▶ **WHAT THE TASK ASKS**
Restate the records below word for word, leaving nothing out.

[Start of section]

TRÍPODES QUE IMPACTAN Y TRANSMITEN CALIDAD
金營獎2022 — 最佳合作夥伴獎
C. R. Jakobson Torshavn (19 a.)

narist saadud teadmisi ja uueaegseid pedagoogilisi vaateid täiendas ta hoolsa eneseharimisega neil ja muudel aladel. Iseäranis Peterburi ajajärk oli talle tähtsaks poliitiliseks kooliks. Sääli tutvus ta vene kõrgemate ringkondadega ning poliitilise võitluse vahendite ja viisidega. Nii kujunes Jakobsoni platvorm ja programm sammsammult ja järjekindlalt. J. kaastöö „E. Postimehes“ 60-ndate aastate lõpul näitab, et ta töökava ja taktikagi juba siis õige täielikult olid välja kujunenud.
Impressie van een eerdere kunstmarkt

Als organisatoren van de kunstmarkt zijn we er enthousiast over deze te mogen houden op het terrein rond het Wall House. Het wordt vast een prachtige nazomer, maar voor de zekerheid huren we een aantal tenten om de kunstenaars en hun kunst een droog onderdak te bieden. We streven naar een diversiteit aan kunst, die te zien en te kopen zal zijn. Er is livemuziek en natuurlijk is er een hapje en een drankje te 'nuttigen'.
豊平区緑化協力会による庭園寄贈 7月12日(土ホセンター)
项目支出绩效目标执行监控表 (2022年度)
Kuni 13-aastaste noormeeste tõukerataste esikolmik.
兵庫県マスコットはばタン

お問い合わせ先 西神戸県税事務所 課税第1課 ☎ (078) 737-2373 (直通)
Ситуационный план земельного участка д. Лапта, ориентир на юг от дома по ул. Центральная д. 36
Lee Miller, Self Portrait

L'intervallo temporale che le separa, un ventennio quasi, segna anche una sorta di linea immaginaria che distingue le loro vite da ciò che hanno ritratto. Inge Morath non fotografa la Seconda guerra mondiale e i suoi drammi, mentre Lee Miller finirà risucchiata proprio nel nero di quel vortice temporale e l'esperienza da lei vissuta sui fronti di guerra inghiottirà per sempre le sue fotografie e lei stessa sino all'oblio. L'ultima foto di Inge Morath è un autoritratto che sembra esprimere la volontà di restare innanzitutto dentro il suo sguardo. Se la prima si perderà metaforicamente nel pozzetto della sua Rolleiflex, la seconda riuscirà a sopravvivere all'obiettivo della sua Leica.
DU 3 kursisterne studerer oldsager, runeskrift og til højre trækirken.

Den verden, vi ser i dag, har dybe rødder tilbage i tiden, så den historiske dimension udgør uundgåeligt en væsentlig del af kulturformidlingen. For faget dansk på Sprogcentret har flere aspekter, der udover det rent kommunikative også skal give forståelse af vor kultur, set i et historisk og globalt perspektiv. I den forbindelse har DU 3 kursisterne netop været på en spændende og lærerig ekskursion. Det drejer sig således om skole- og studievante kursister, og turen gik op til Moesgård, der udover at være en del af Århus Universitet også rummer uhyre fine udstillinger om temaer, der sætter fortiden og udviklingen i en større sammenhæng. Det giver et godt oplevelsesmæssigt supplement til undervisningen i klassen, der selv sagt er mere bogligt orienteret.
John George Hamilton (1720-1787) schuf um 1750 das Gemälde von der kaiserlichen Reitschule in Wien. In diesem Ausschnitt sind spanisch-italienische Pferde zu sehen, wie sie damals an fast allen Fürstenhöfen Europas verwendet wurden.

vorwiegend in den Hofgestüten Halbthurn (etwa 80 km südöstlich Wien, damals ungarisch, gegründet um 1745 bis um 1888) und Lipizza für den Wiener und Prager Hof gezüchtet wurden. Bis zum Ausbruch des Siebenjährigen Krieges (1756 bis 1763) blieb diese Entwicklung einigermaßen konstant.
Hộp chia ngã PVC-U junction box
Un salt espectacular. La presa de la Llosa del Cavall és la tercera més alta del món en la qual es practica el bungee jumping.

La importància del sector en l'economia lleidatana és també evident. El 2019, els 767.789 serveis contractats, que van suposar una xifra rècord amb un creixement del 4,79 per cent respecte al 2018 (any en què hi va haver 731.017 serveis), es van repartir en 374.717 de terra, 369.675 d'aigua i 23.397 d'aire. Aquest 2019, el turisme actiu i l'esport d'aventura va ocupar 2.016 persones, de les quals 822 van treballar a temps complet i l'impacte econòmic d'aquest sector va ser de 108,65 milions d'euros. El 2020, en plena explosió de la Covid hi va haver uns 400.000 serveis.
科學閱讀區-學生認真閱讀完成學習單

[End of section]

▶ **FINAL ANSWER**
TRÍPODES QUE IMPACTAN Y TRANSMITEN CALIDAD
金營獎2022 — 最佳合作夥伴獎
C. R. Jakobson Torshavn (19 a.)

narist saadud teadmisi ja uueaegseid pedagoogilisi vaateid täiendas ta hoolsa eneseharimisega neil ja muudel aladel. Iseäranis Peterburi ajajärk oli talle tähtsaks poliitiliseks kooliks. Sääli tutvus ta vene kõrgemate ringkondadega ning poliitilise võitluse vahendite ja viisidega. Nii kujunes Jakobsoni platvorm ja programm sammsammult ja järjekindlalt. J. kaastöö „E. Postimehes“ 60-ndate aastate lõpul näitab, et ta töökava ja taktikagi juba siis õige täielikult olid välja kujunenud.
Impressie van een eerdere kunstmarkt

Als organisatoren van de kunstmarkt zijn we er enthousiast over deze te mogen houden op het terrein rond het Wall House. Het wordt vast een prachtige nazomer, maar voor de zekerheid huren we een aantal tenten om de kunstenaars en hun kunst een droog onderdak te bieden. We streven naar een diversiteit aan kunst, die te zien en te kopen zal zijn. Er is livemuziek en natuurlijk is er een hapje en een drankje te 'nuttigen'.
豊平区緑化協力会による庭園寄贈 7月12日(土ホセンター)
项目支出绩效目标执行监控表 (2022年度)
Kuni 13-aastaste noormeeste tõukerataste esikolmik.
兵庫県マスコットはばタン

お問い合わせ先 西神戸県税事務所 課税第1課 ☎ (078) 737-2373 (直通)
Ситуационный план земельного участка д. Лапта, ориентир на юг от дома по ул. Центральная д. 36
Lee Miller, Self Portrait

L'intervallo temporale che le separa, un ventennio quasi, segna anche una sorta di linea immaginaria che distingue le loro vite da ciò che hanno ritratto. Inge Morath non fotografa la Seconda guerra mondiale e i suoi drammi, mentre Lee Miller finirà risucchiata proprio nel nero di quel vortice temporale e l'esperienza da lei vissuta sui fronti di guerra inghiottirà per sempre le sue fotografie e lei stessa sino all'oblio. L'ultima foto di Inge Morath è un autoritratto che sembra esprimere la volontà di restare innanzitutto dentro il suo sguardo. Se la prima si perderà metaforicamente nel pozzetto della sua Rolleiflex, la seconda riuscirà a sopravvivere all'obiettivo della sua Leica.
DU 3 kursisterne studerer oldsager, runeskrift og til højre trækirken.

Den verden, vi ser i dag, har dybe rødder tilbage i tiden, så den historiske dimension udgør uundgåeligt en væsentlig del af kulturformidlingen. For faget dansk på Sprogcentret har flere aspekter, der udover det rent kommunikative også skal give forståelse af vor kultur, set i et historisk og globalt perspektiv. I den forbindelse har DU 3 kursisterne netop været på en spændende og lærerig ekskursion. Det drejer sig således om skole- og studievante kursister, og turen gik op til Moesgård, der udover at være en del af Århus Universitet også rummer uhyre fine udstillinger om temaer, der sætter fortiden og udviklingen i en større sammenhæng. Det giver et godt oplevelsesmæssigt supplement til undervisningen i klassen, der selv sagt er mere bogligt orienteret.
John George Hamilton (1720-1787) schuf um 1750 das Gemälde von der kaiserlichen Reitschule in Wien. In diesem Ausschnitt sind spanisch-italienische Pferde zu sehen, wie sie damals an fast allen Fürstenhöfen Europas verwendet wurden.

vorwiegend in den Hofgestüten Halbthurn (etwa 80 km südöstlich Wien, damals ungarisch, gegründet um 1745 bis um 1888) und Lipizza für den Wiener und Prager Hof gezüchtet wurden. Bis zum Ausbruch des Siebenjährigen Krieges (1756 bis 1763) blieb diese Entwicklung einigermaßen konstant.
Hộp chia ngã PVC-U junction box
Un salt espectacular. La presa de la Llosa del Cavall és la tercera més alta del món en la qual es practica el bungee jumping.

La importància del sector en l'economia lleidatana és també evident. El 2019, els 767.789 serveis contractats, que van suposar una xifra rècord amb un creixement del 4,79 per cent respecte al 2018 (any en què hi va haver 731.017 serveis), es van repartir en 374.717 de terra, 369.675 d'aigua i 23.397 d'aire. Aquest 2019, el turisme actiu i l'esport d'aventura va ocupar 2.016 persones, de les quals 822 van treballar a temps complet i l'impacte econòmic d'aquest sector va ser de 108,65 milions d'euros. El 2020, en plena explosió de la Covid hi va haver uns 400.000 serveis.
科學閱讀區-學生認真閱讀完成學習單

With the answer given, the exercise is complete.